A few months ago I realized that there is actually a really, really simple way to construct these curves - simpler than… I would say almost anything that isn’t a Z-curve. I lacked the motivation to implement it though. Then yesterday @mootari shared a cool work-in-progress on twitter that relied on a different Hamiltonian space-filling curve, reminding me I still had that half-finished idea of creating H-curves. So I just spent the better part of my Sunday writing this notebook.

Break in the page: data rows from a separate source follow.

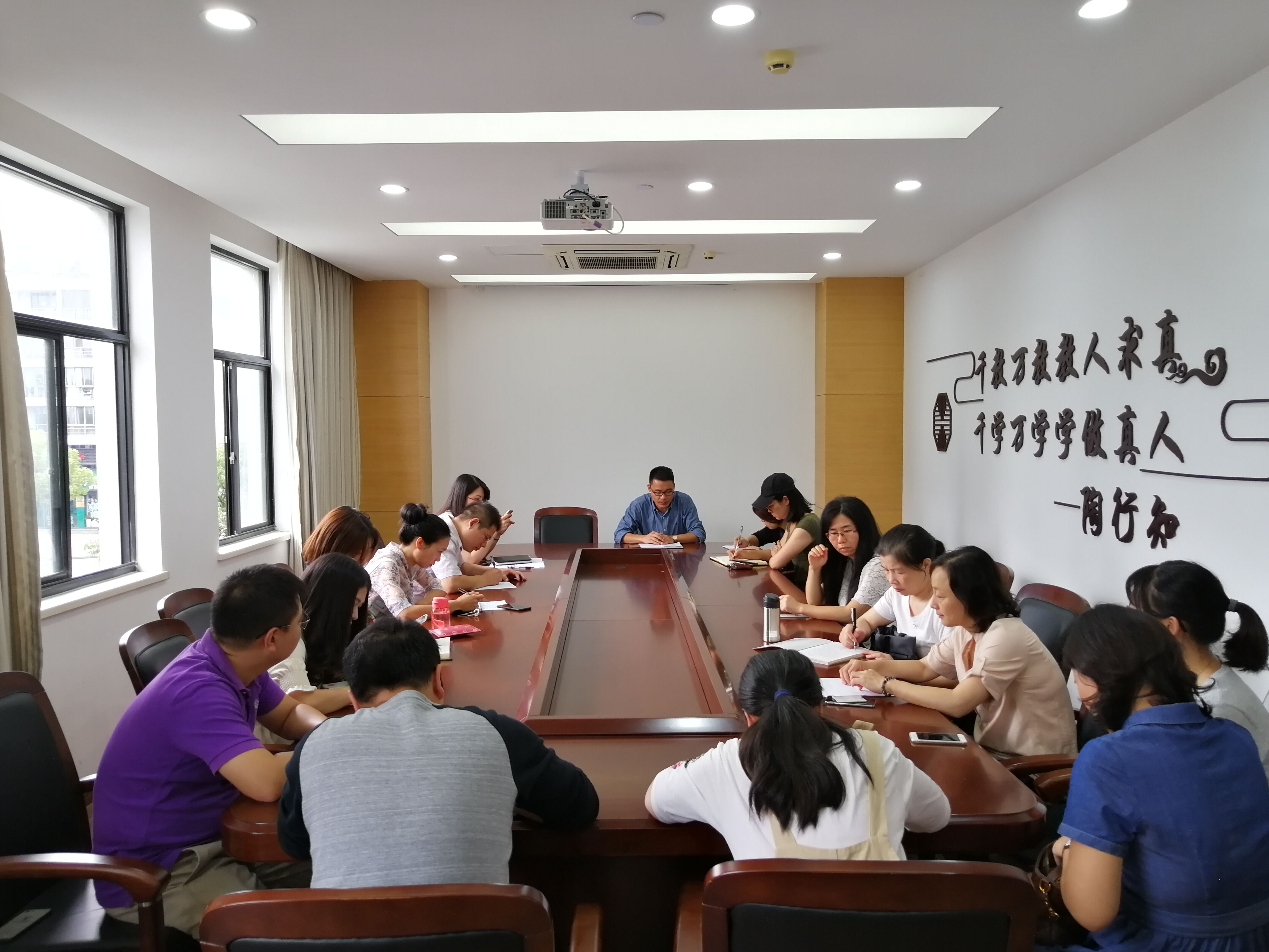 2018年9月27日12:40,商贸分院党总支在跨贸基地会议室召开分院全体教师党员会议,商贸分院全体教师党员出席会议,会议由分院党总支书记王贤军主持。
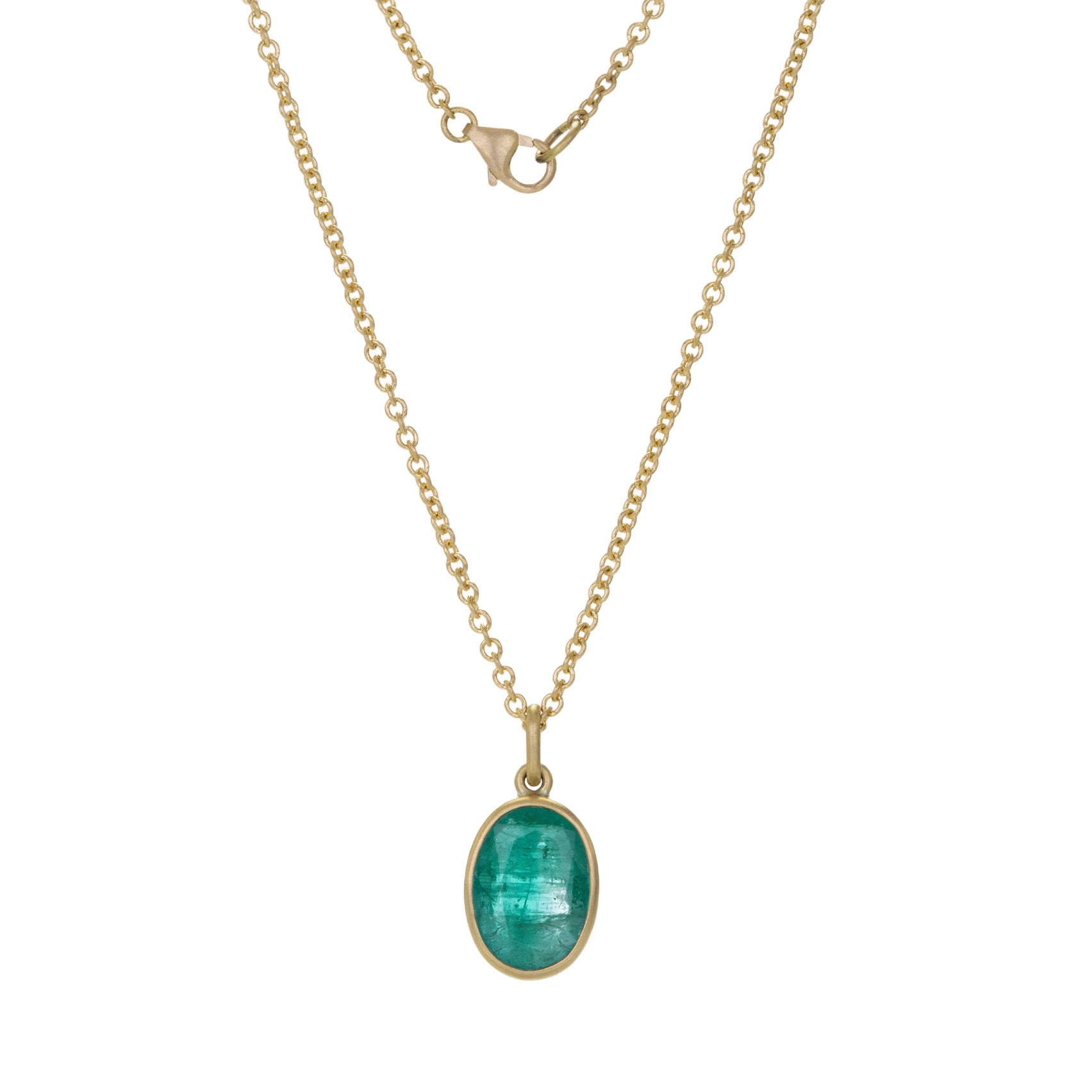 Add a precious pop of color to your necklace stack in this 18k yellow gold necklace from Lola Brooks. A glimmering oval 3.35ct Colombian emerald rings loud and clear, set in a simple brushed bezel of gold. Pendant measures 3/4" x 3/8" on an 18" chain with a lobster clasp. Handcrafted in Lexington, GA, U.S.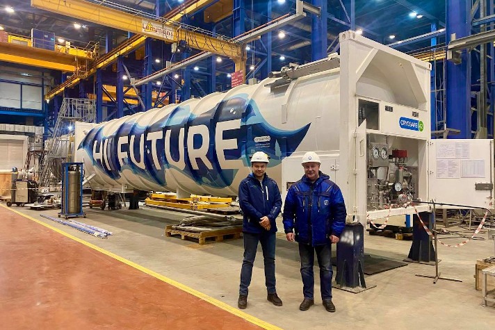 Российский морской регистр судоходства завершил очередной этап освидетельствования прототипа инновационного криогенного контейнера-цистерны Т75 проекта CryoSafe-42 для перевозки и хранения сжиженного водорода.
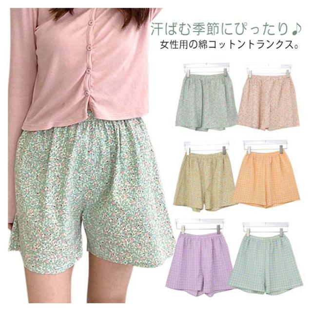 | 汗ばむ季節にぴったり♪女性用の綿コットントランクス。 締めつけ感なく、肌に優しいコットン素材、通気性に優れており、ムレにくく、サラサラとした肌触りの女性用トランクス。 足の付け根を締めつけないので、黒ずみやむくみが気になる方にもおすすめ。 湯上がり時さっと着て、極上なリラックスをGET。 オシャレなデザイン、おうち時間のルームパンツとしてもお勧めです。 | |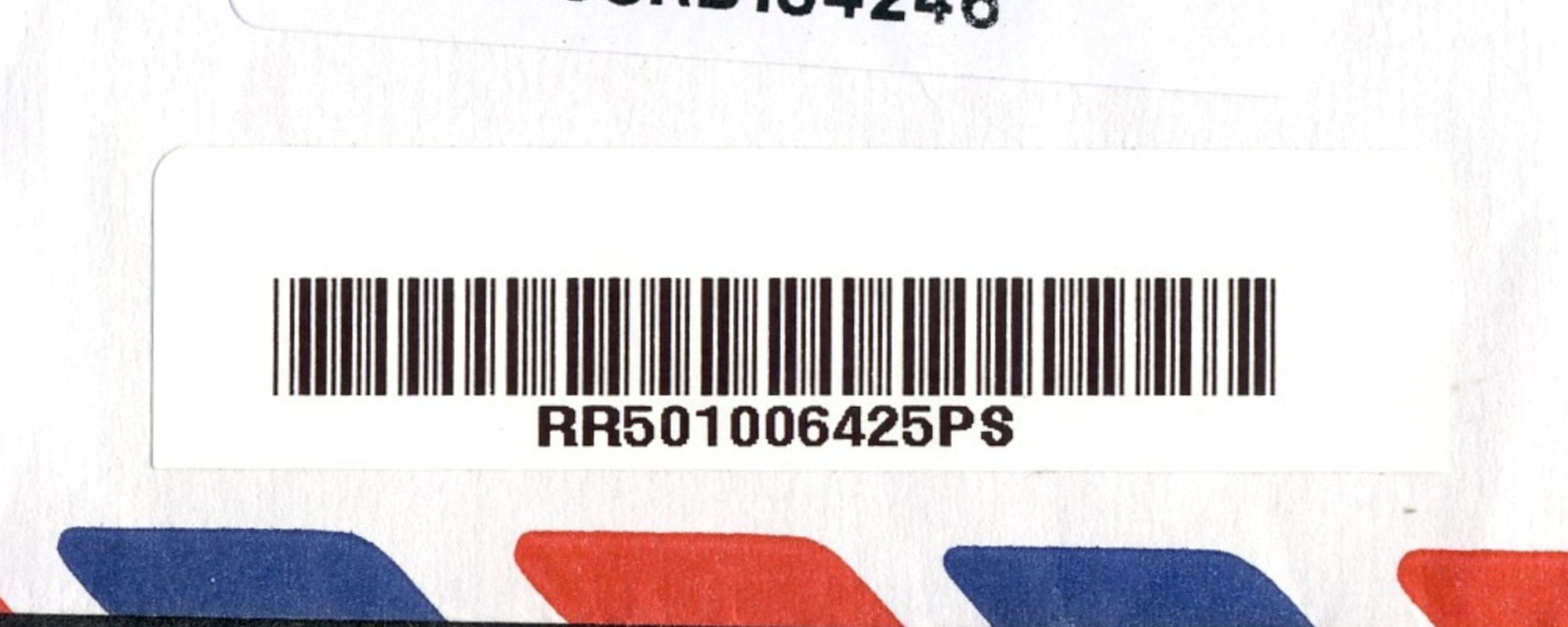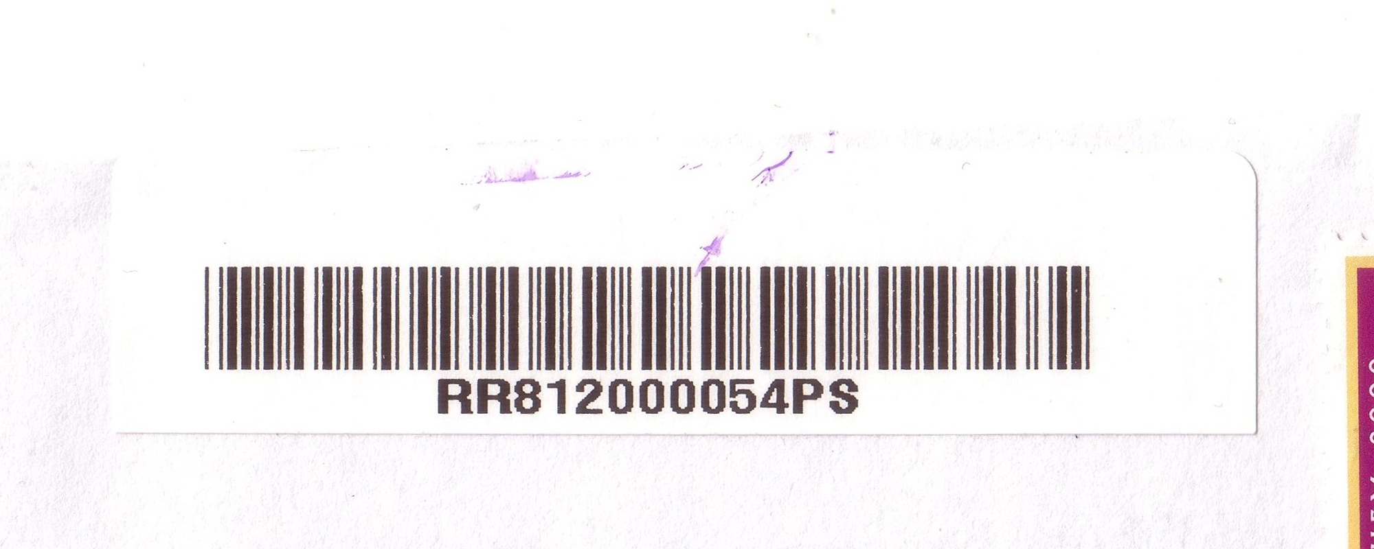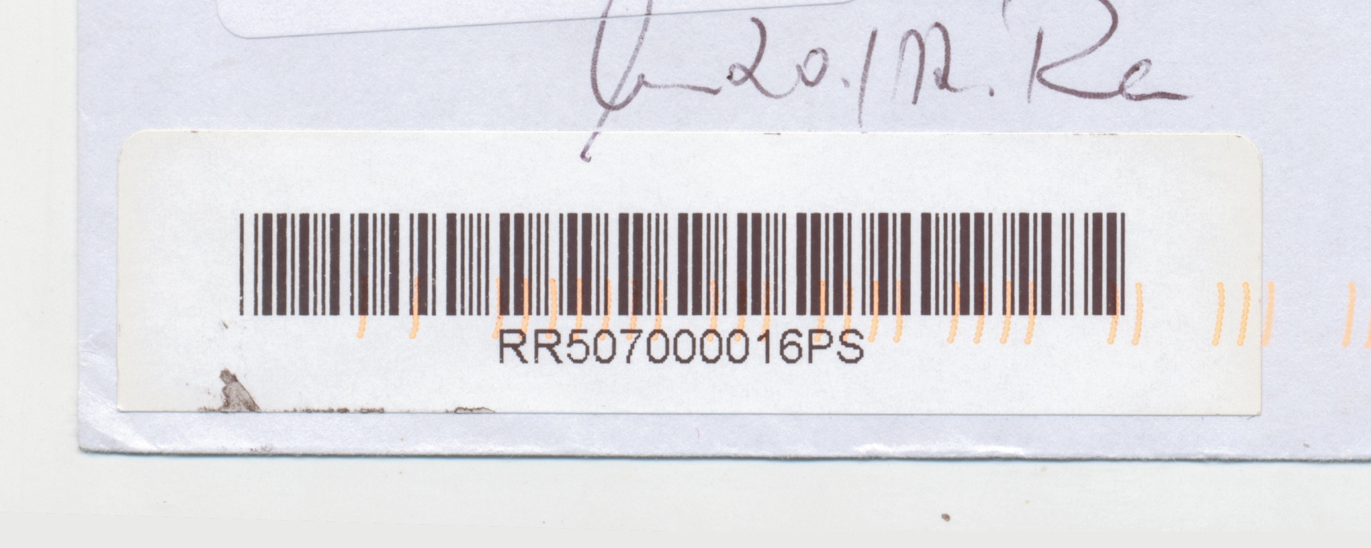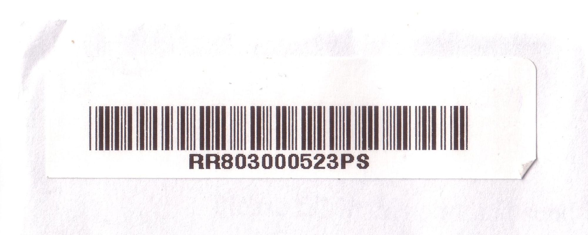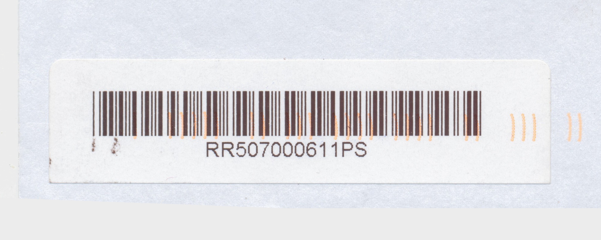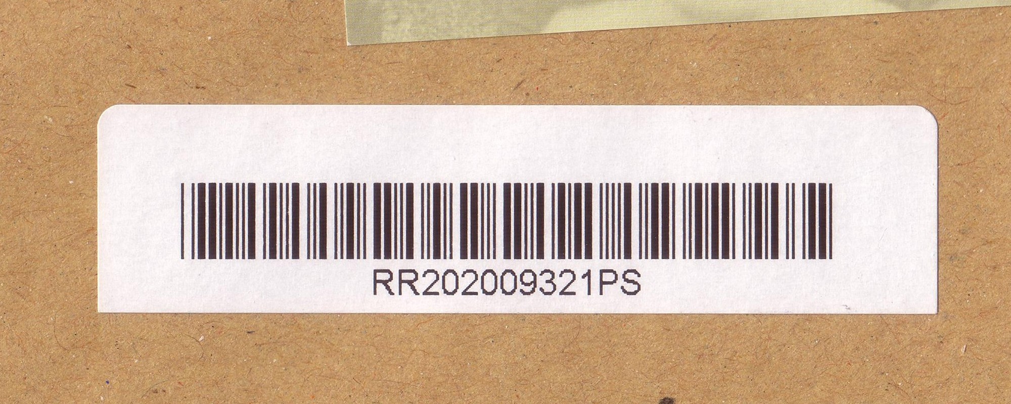 - white self-adhesive labels, printed in black. "IPS Light" linear barcode. With or without "Palestine Post" on top of imprinted numerator (9 digits) with prefixed RR and suffixed PS or ps. Label size varies.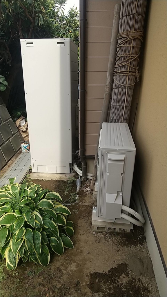 以前エコキュート交換をご依頼いただいたお客様からご紹介をいただき、詳しくお話をお伺いすると床暖房が使用出来るタイプのものが設置されており、今後床暖房は使わないので通常のエコキュートで問題ないとの事でした。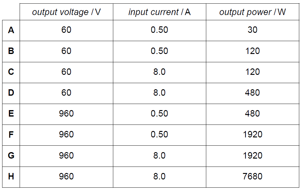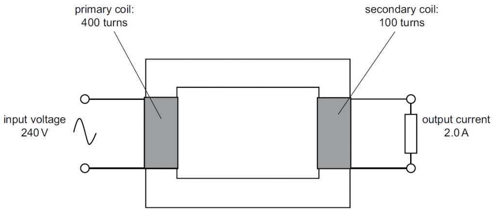 27. A 100% efficient ideal transformer has 400 turns on its primary coil and 100 turns on its secondary coil. The input voltage across the primary coil is 240V. An output current of 2.0A flows in the secondary coil.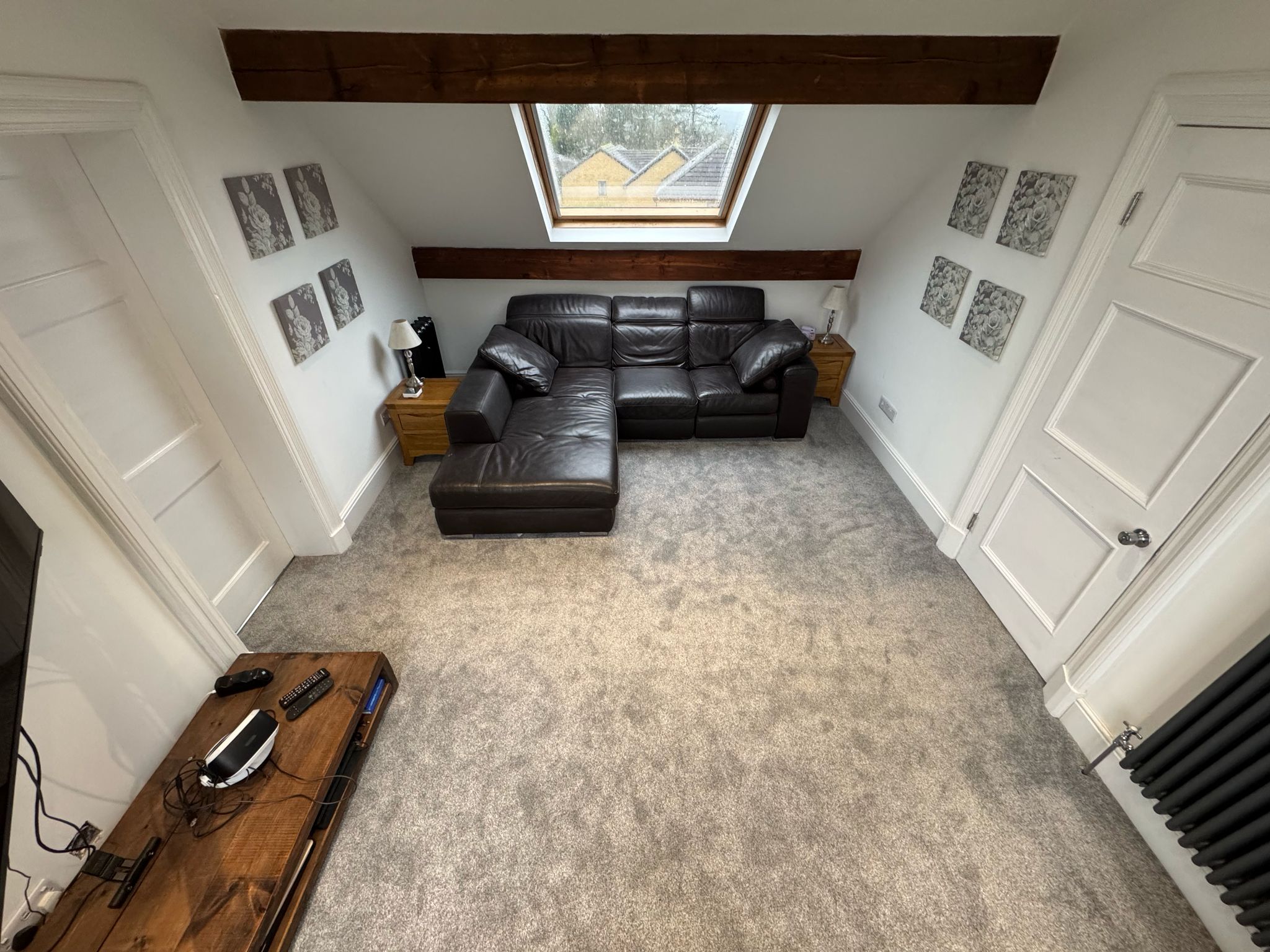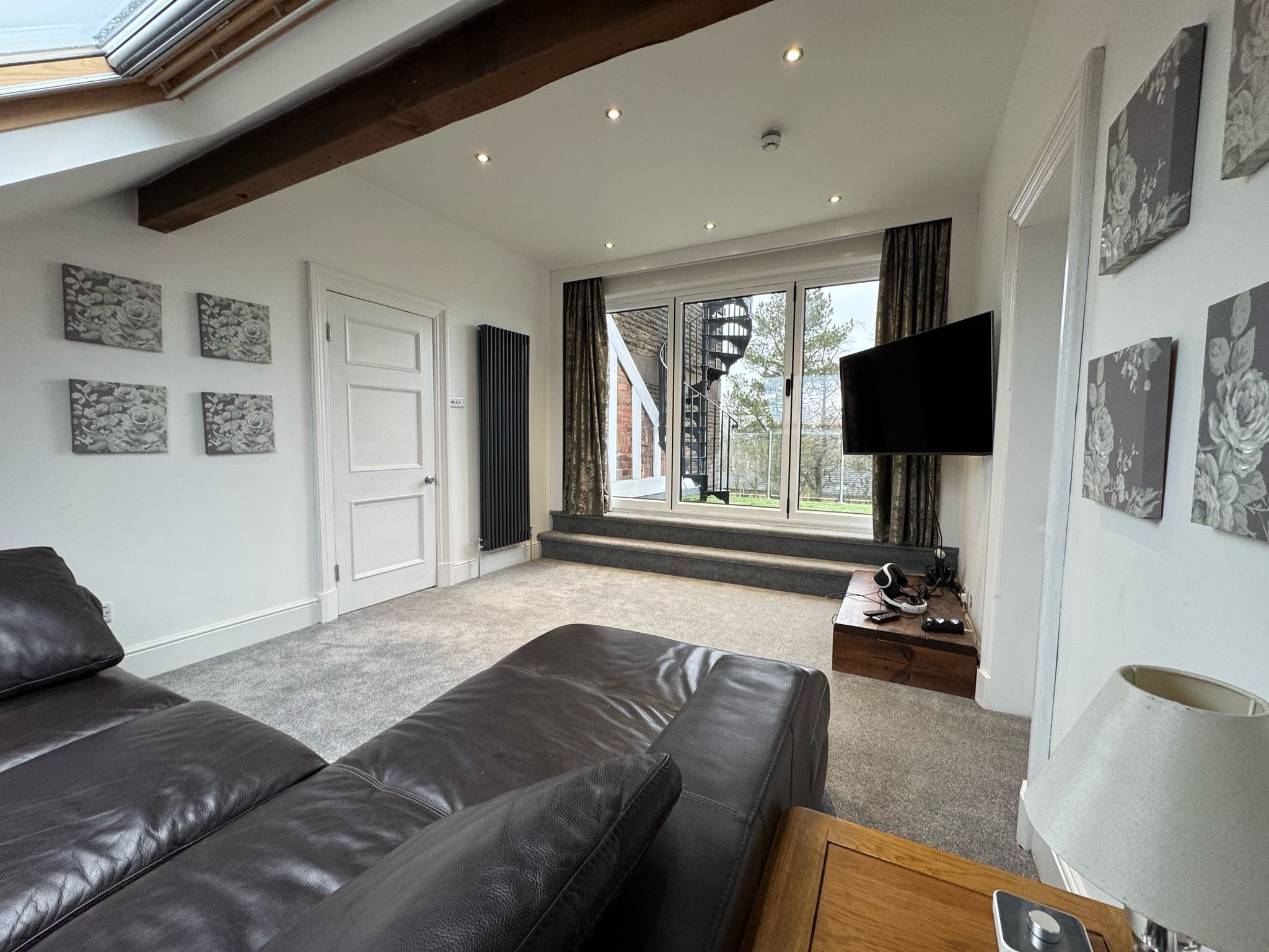 This inviting room serves as a cosy retreat, featuring plush carpet flooring. A large sliding stack door opens onto a private balcony, which provides access to a spiral staircase leading to a viewing deck at the top of the turret. The rear aspect of the room showcases a stunning vaulted ceiling and large Velux windows with integrated blinds, allowing natural light to flood the space.

The most interesting property of the H-curve is the strong locality property, which is better than for any other known curve (and conjectured to be optimal). It becomes almost intuitively visible if we plot the curve as a gradient:

Maybe other people here will find a use for that. For example, as an alternative to the Hilbert curve in

Other potential next steps: implementing my own ZH-hybrid?

(It probably won’t have the optimal locality that a pure H-curve has, but it has the alternative feature that the two points that are the furthest away from each other are also in opposite corners in 2D)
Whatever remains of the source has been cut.